Variations:  Add an egg to each bowl, or a salted egg half.

I will continue this series with recipes of rice noodle soups, egg dishes, and such enjoyed by Thais and many in Southeast Asia for breakfast.  I'll also place the recipes in the recipe section for an easier access location.

Comments

Anonymous

ciamac says :

great blog , you should see what the japanese eat for breakfast unreal
Posted on: 8 November 2007 - 9:17pm
shantihhh profile page

shantihhh says :

I have eaten Japanese breakfasts many times, some things are pretty good, although some of the smelly makerel is a bit much in the early AM. Korean breakfasts are fabulous as I love kimchee. The Chinese breakfasts can be a bit of a challenge as intestines of various sizes, chicken feet and other tid-bits, or as my friend in Laos who is from Oz always calls them okie-bits. he early morning market in Luang Prabang has plenty of oicie-bits and small forest creatures or mystery meat-oh yum.
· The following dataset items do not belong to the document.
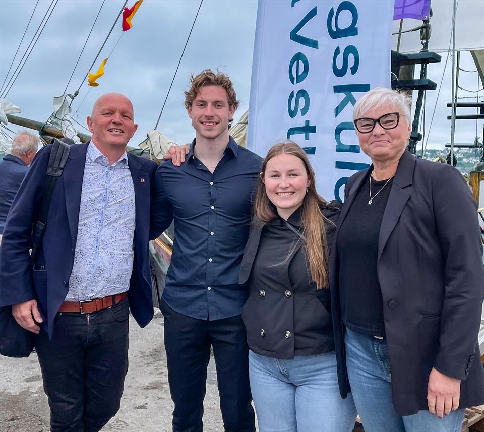Arendalsuka 2024. T.v.: rektor Gunnar Yttri, arbeidsutvalgmedlem Roy Martin Pettersen, studenttingleder Andrea Grutle, prorektor for utdanning, Anne-Grethe Naustdal.
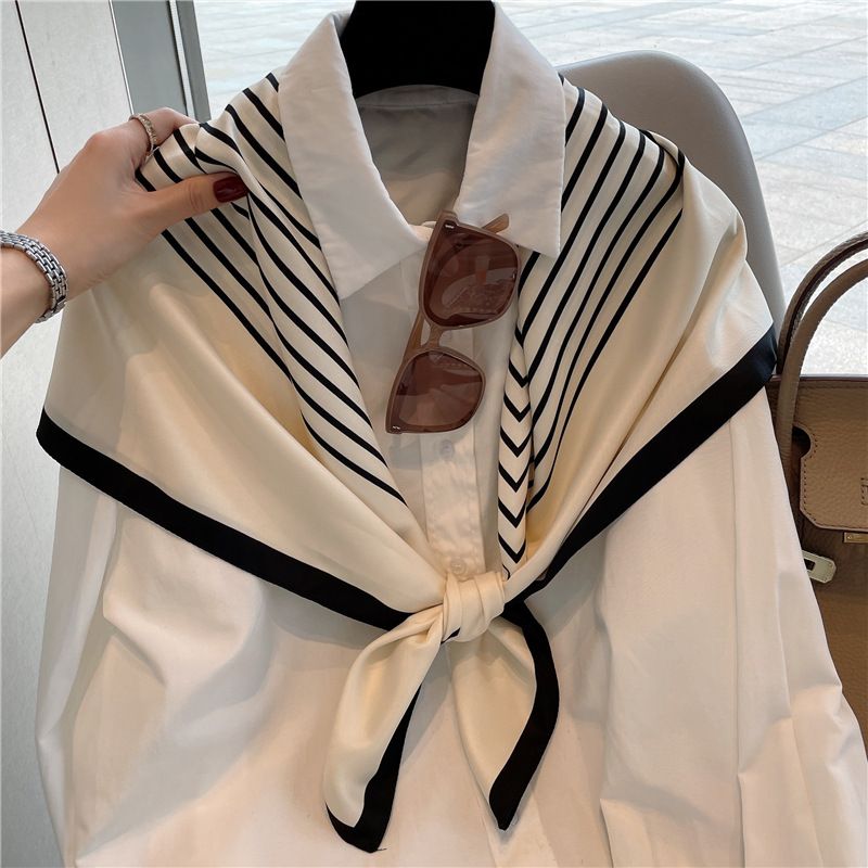Elegant Striped Scarf for Women Korean Version Versatile Imitation Silk Shawl Spring and Autumn 90 Silk Scarf Outerwear Scarf
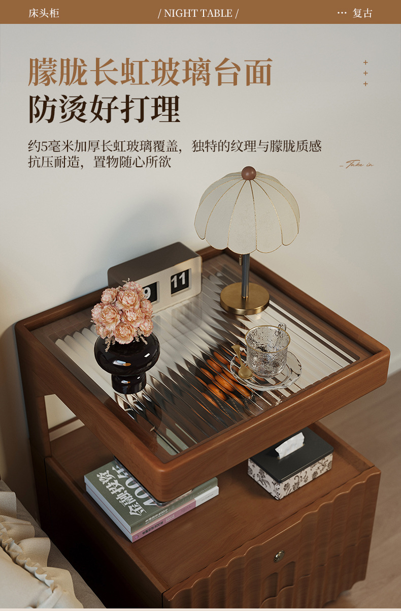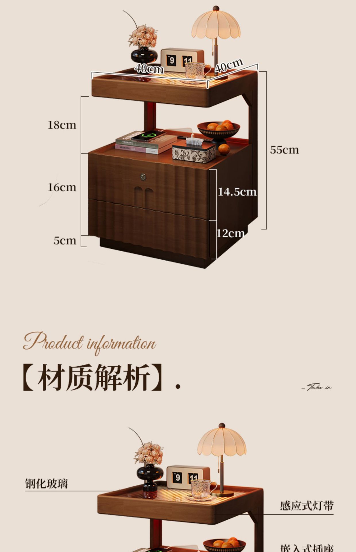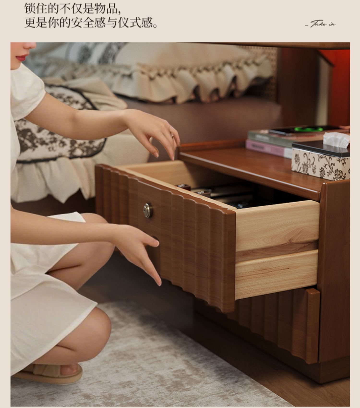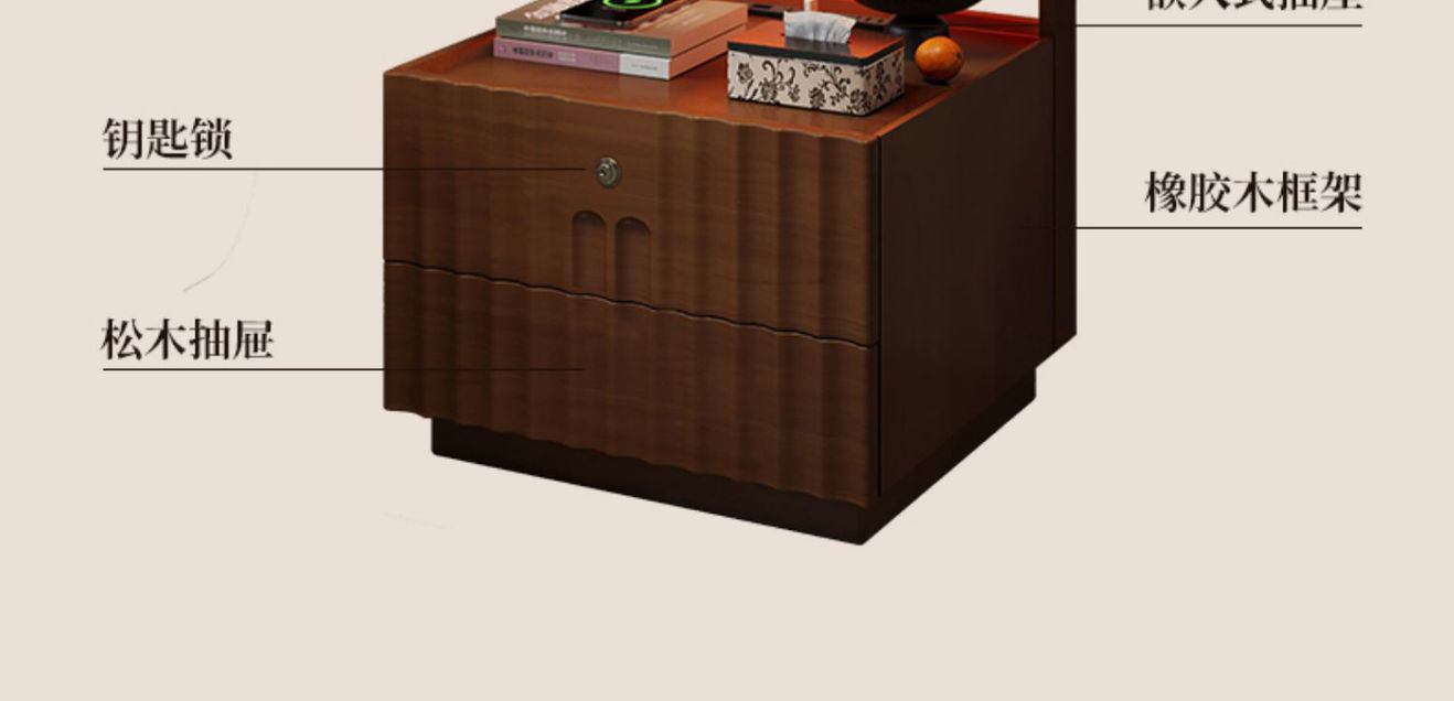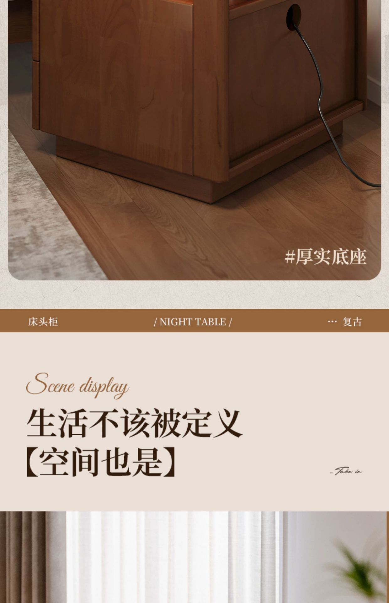实木床头柜简约现代家用卧室带锁储物柜小型床边置物架简易收纳柜

Worst thing is to get a CUP of coffee for breakfast sans the sugar and milk and NOT in a glass in haozhou or other areas of China. Egads they must have hands of asbestos to hold those glasses full fboiling coffee. Countryside in China is "very" interesting at breakfast time. You know pork blood cubes in my congee isn't going to fly, but that is often also served in the Philippines, Isaan, and Laos, and and and and...................... I'll take the cold meats, cheese, bread and Slivovic served in the former Yugoslavia for breakfast. When you finish the meat, cheese, and bread, well you don't get any more, but they keep pouring the Slivovic. My husband, Steve says you've got to love a country that starts theday with Slivovic. BTW Monistrika is excellent a available in the US from Serbia. It takes 65 kilo of plums to distill one litre of this smooth as silk brandy. Shanti/Mary-Anne
Posted on: 8 November 2007 - 9:37pm
Ganesh Dutta profile page

Ganesh Dutta says :

great...excellent...awesome....amazing! You have done wonderful job beyond my expectation.
Posted on: 9 November 2007 - 4:31am
HotChef profile page

HotChef says :

Great blog, really hot. look fwd to next part.